In the recording, the university student recalls the day that marked her adolescence (she was in sixth grade and attended the school next to the elementary school) and stresses that "we cannot allow this to happen, we can no longer be complacent."

As a result of post-traumatic stress and due to the prolonged period of time she was crouched down, she suffered a back injury. That ailment returns "any time she faced a stressful situation or something aggressive like this happens right now," she emphasizes.

Since Sandy Hook, which then appeared to be the definitive issue to change gun control regulations, there have been more than 3,500 mass shootings (at least four people killed or injured) in the United States, always based on the calculations of the non-profit organization Gun Violence Archive. Only so far in 2023, the number rises to 68, and adds and continues.

Jackie is not the only one, not even close, since there are others who are "repeaters" of tragedy.
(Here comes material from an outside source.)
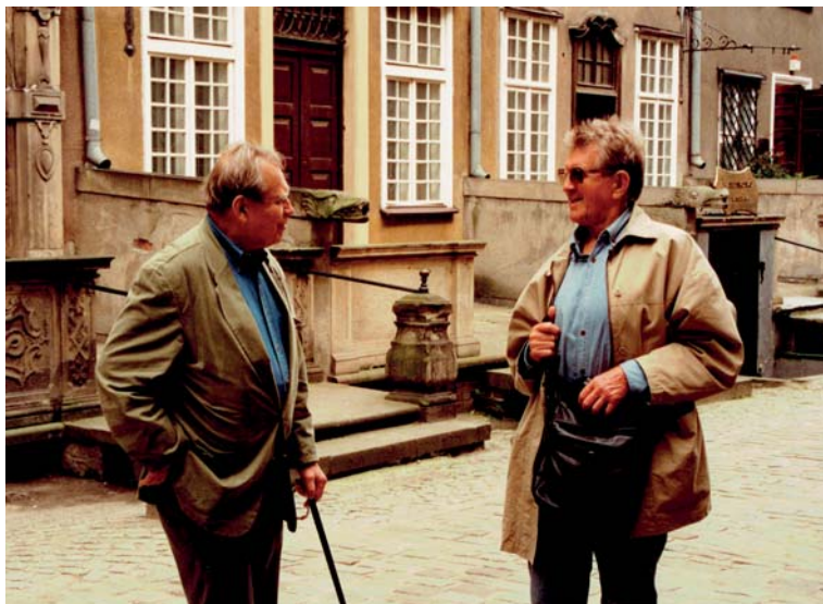
Bracia A. i Cz. Miłoszowie na Mariackiej w Gdańsku, 1995.

Another of the voices being heard this week is that of Emma Riddle, an 18-year-old freshman. "This is totally surreal, we come from something similar 14 months ago, what is happening?", She asks herself. She was a student at the Oxford Institute, where she also had to hide to survive.
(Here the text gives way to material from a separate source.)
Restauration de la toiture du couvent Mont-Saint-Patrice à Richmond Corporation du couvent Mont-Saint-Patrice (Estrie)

“I am very scared,” she wrote to her father last Monday after the shots were fired and the confinement order was given, while they were chasing the gunman. "I know," her father responded immediately with a text. “Why haven't they arrested him yet? He is very close, ”she insisted, in clear evidence of anxiety.

Riddle and his roommate were in the dark for hours. In that wait, she wrote a tweet: “14 months ago I had to be evacuated from Oxford High School when a 15-year-old boy opened fire and killed four of my classmates and wounded seven more. Tonight I'm sitting under my desk at MSU, once again texting everyone I love you."

Governor Whitmer summed up the sentiment of many. “We cannot continue living like this, our children are afraid to go to school, people are not safe in the temples or in the shops. As parents we tell them that everything will be fine, but words are not enough, we must act”.

McRae purchased the pistols legally, although he did not register them. He was convicted in 2019 for carrying weapons in plain sight without permission. The sentence prevented him from now having pistols. But he had them.